▸ **Supplied information**:
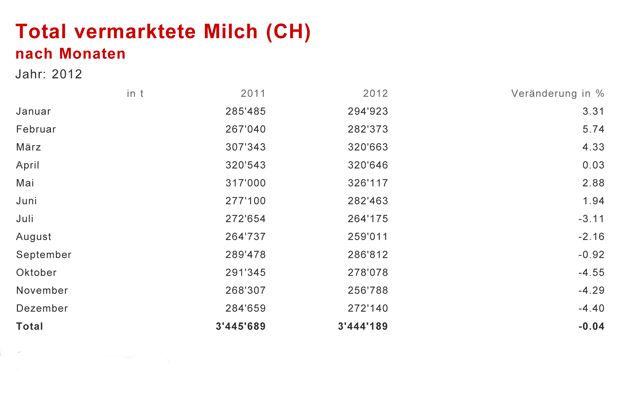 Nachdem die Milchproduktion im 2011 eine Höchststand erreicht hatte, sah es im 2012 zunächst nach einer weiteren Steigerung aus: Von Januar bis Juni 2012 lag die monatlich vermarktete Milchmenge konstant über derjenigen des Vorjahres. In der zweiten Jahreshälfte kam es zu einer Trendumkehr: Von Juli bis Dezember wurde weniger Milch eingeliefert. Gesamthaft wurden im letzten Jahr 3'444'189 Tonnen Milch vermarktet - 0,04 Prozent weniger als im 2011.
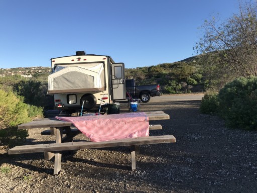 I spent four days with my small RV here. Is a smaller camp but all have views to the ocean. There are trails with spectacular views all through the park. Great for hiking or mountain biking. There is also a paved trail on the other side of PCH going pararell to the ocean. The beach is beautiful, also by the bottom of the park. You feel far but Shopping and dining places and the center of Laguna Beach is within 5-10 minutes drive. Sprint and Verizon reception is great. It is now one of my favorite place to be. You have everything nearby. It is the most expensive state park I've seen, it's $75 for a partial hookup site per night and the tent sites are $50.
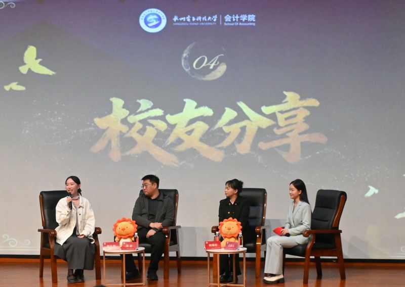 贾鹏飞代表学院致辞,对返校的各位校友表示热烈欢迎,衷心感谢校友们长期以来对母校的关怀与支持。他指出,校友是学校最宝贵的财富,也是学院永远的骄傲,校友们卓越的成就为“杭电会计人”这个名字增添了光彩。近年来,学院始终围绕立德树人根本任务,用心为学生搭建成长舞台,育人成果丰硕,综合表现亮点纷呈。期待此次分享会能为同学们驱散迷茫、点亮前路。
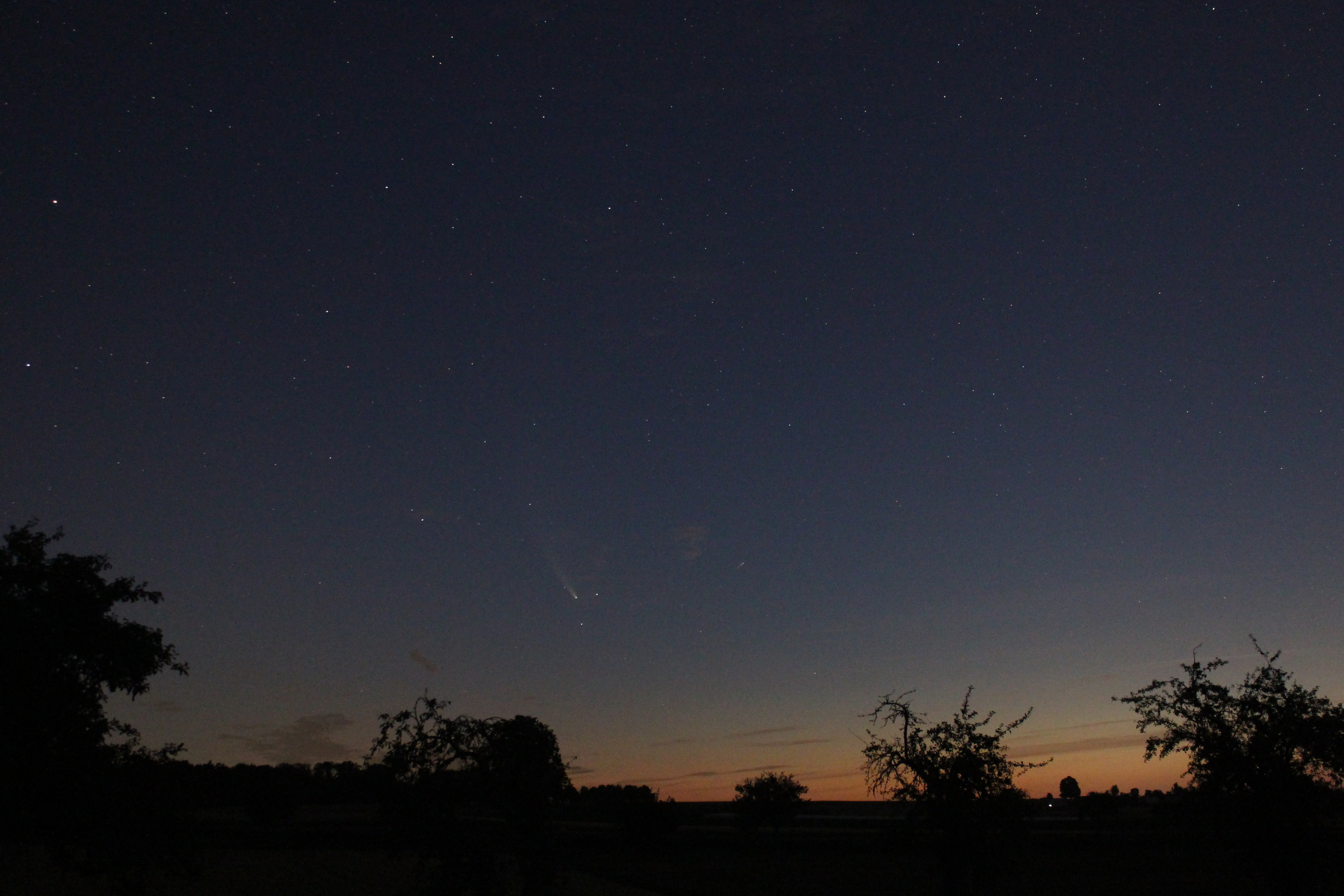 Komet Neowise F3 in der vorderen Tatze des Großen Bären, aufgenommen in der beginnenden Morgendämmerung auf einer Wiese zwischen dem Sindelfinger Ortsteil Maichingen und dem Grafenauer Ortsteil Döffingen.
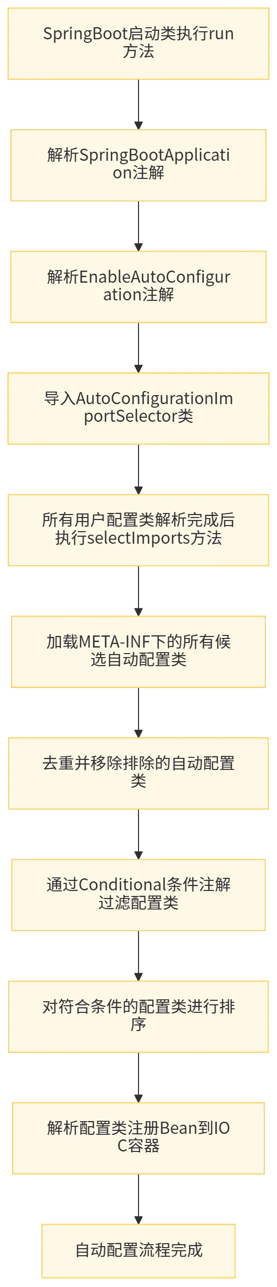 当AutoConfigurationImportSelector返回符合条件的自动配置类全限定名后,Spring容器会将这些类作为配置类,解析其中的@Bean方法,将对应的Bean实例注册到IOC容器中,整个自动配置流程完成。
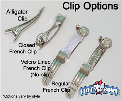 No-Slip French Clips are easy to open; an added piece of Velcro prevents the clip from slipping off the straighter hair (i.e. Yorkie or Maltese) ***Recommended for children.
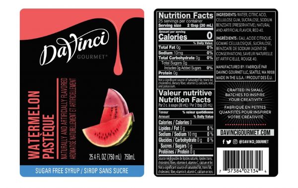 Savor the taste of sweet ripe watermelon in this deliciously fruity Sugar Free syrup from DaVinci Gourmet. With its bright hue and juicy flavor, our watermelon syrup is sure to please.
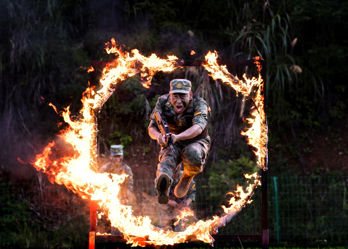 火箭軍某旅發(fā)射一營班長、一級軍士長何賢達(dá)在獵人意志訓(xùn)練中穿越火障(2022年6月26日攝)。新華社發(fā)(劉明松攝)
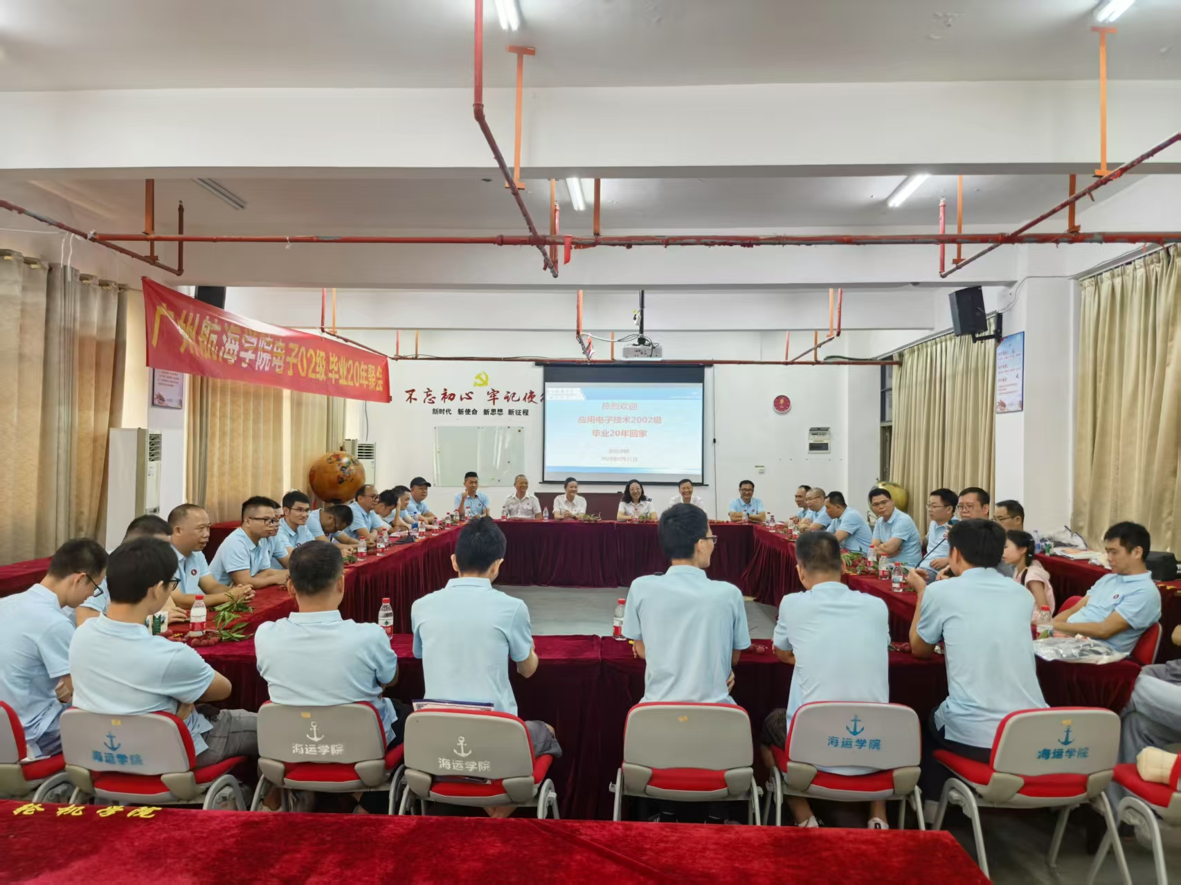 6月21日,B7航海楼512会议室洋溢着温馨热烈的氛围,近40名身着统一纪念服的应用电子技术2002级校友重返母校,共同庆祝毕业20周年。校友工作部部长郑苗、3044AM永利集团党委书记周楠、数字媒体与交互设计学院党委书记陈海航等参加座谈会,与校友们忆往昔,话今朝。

---

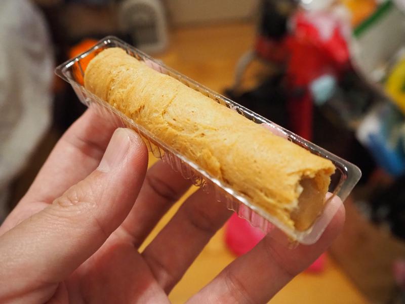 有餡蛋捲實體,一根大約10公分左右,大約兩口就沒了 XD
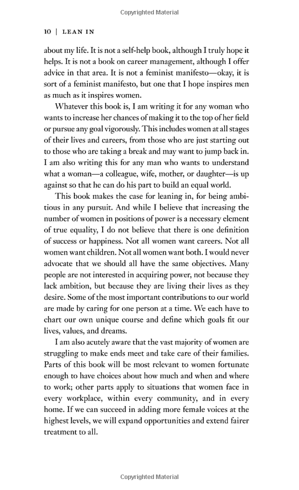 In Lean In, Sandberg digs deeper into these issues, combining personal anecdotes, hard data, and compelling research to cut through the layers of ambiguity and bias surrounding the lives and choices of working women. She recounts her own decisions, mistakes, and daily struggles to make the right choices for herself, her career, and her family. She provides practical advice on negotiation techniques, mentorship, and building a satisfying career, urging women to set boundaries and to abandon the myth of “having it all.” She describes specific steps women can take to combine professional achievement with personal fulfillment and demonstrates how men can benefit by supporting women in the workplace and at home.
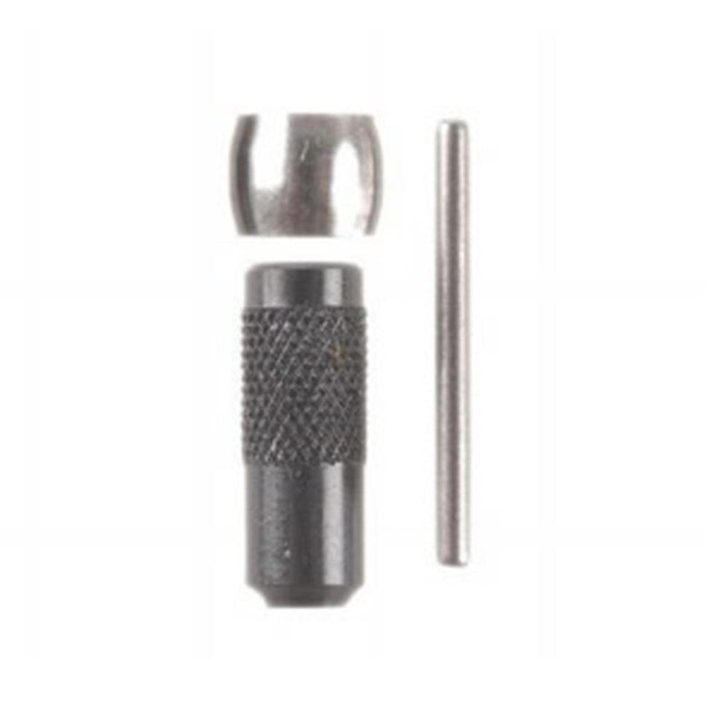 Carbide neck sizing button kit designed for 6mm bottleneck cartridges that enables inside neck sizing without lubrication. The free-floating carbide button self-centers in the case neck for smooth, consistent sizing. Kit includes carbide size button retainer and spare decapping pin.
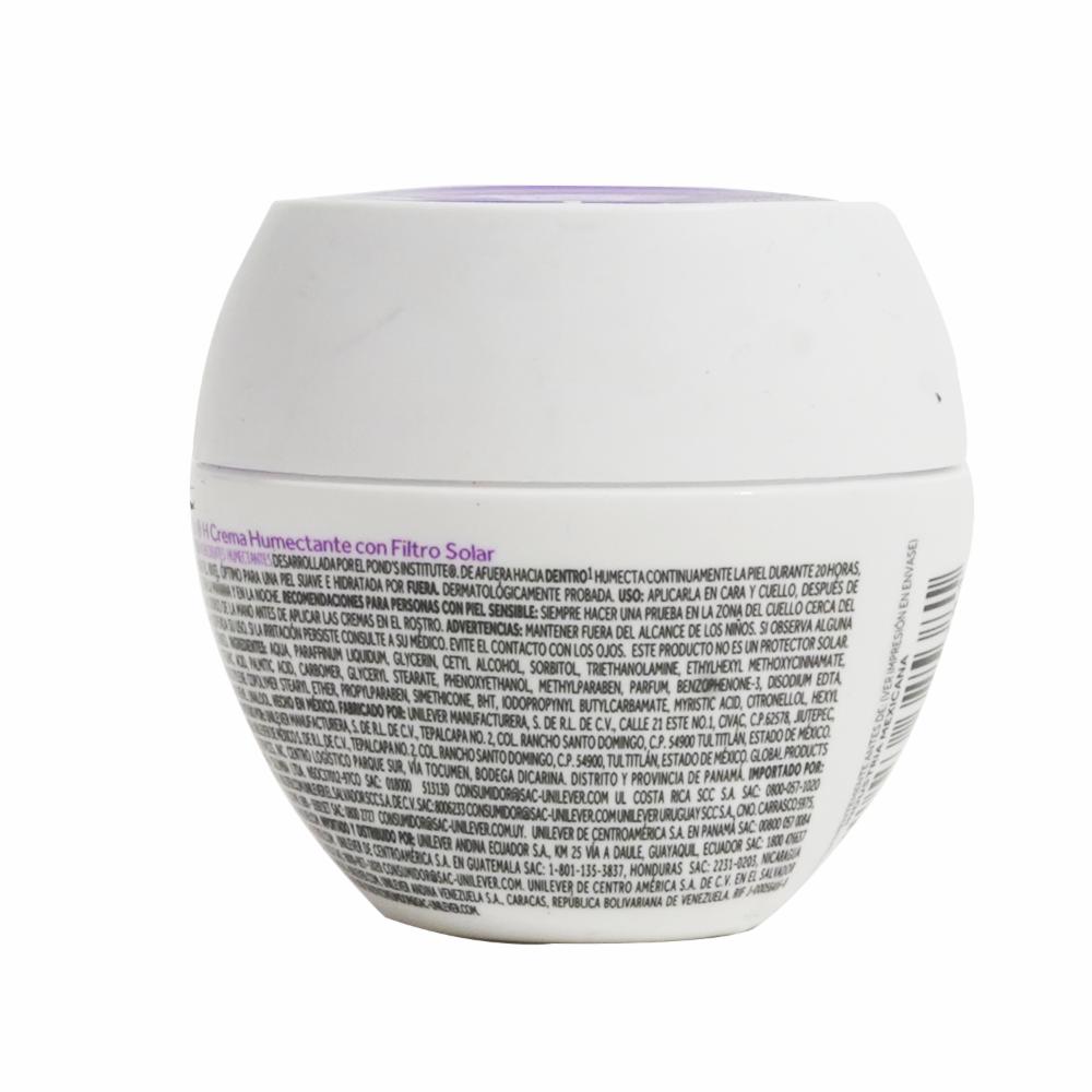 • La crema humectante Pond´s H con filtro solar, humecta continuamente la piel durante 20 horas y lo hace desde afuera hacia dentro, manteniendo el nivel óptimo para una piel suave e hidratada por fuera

---

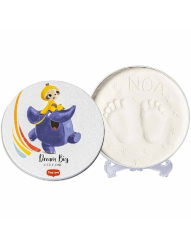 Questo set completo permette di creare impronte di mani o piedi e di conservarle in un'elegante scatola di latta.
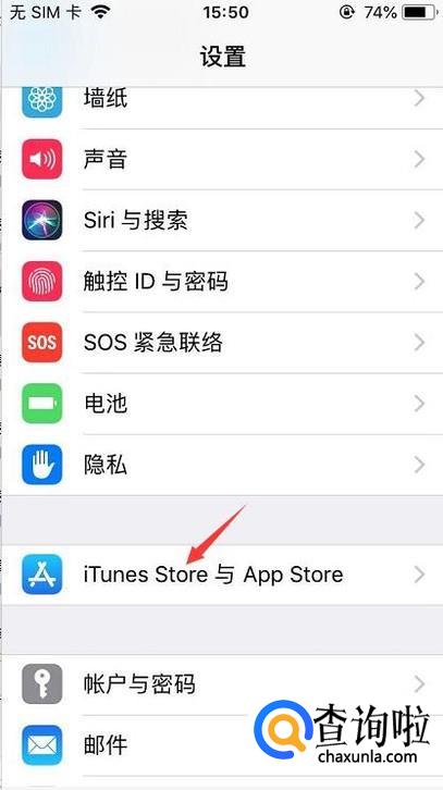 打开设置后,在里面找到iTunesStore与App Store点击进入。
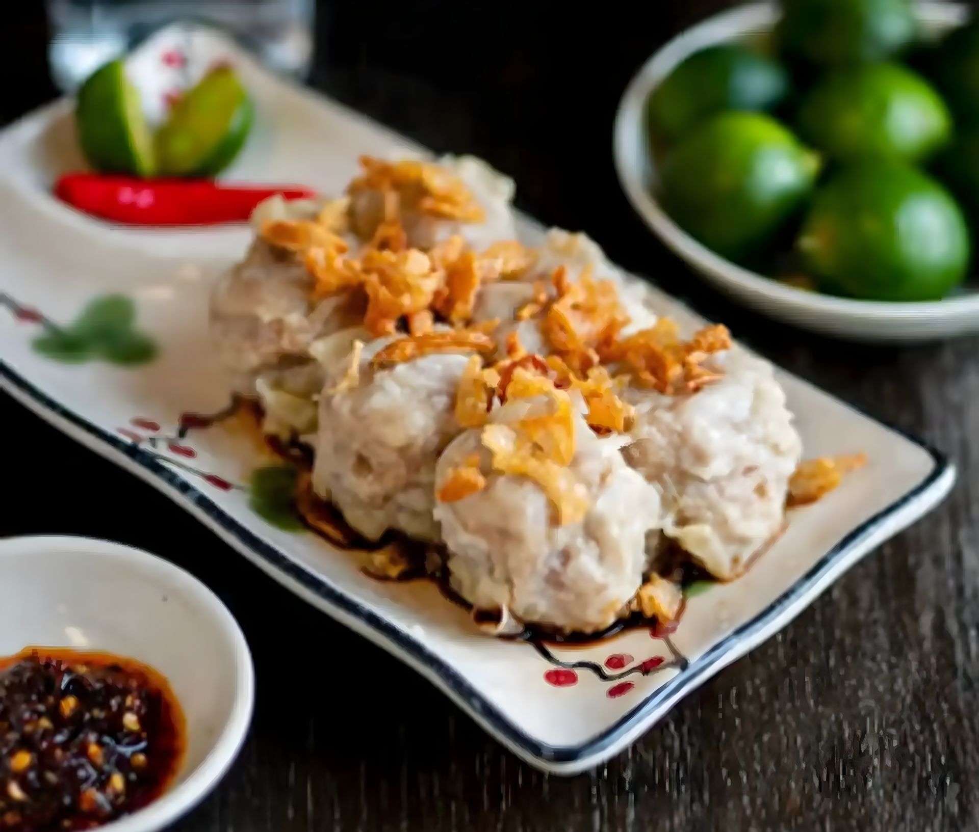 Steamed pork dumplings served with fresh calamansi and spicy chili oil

▸ **What is expected**: Of the records above, print only the lines from the one containing "当AutoConfigura" through the one containing "Savor the taste", inclusive and unaltered, leaving out pictures.

▸ **Expected answer**:
 当AutoConfigurationImportSelector返回符合条件的自动配置类全限定名后,Spring容器会将这些类作为配置类,解析其中的@Bean方法,将对应的Bean实例注册到IOC容器中,整个自动配置流程完成。
 No-Slip French Clips are easy to open; an added piece of Velcro prevents the clip from slipping off the straighter hair (i.e. Yorkie or Maltese) ***Recommended for children.
 Savor the taste of sweet ripe watermelon in this deliciously fruity Sugar Free syrup from DaVinci Gourmet. With its bright hue and juicy flavor, our watermelon syrup is sure to please.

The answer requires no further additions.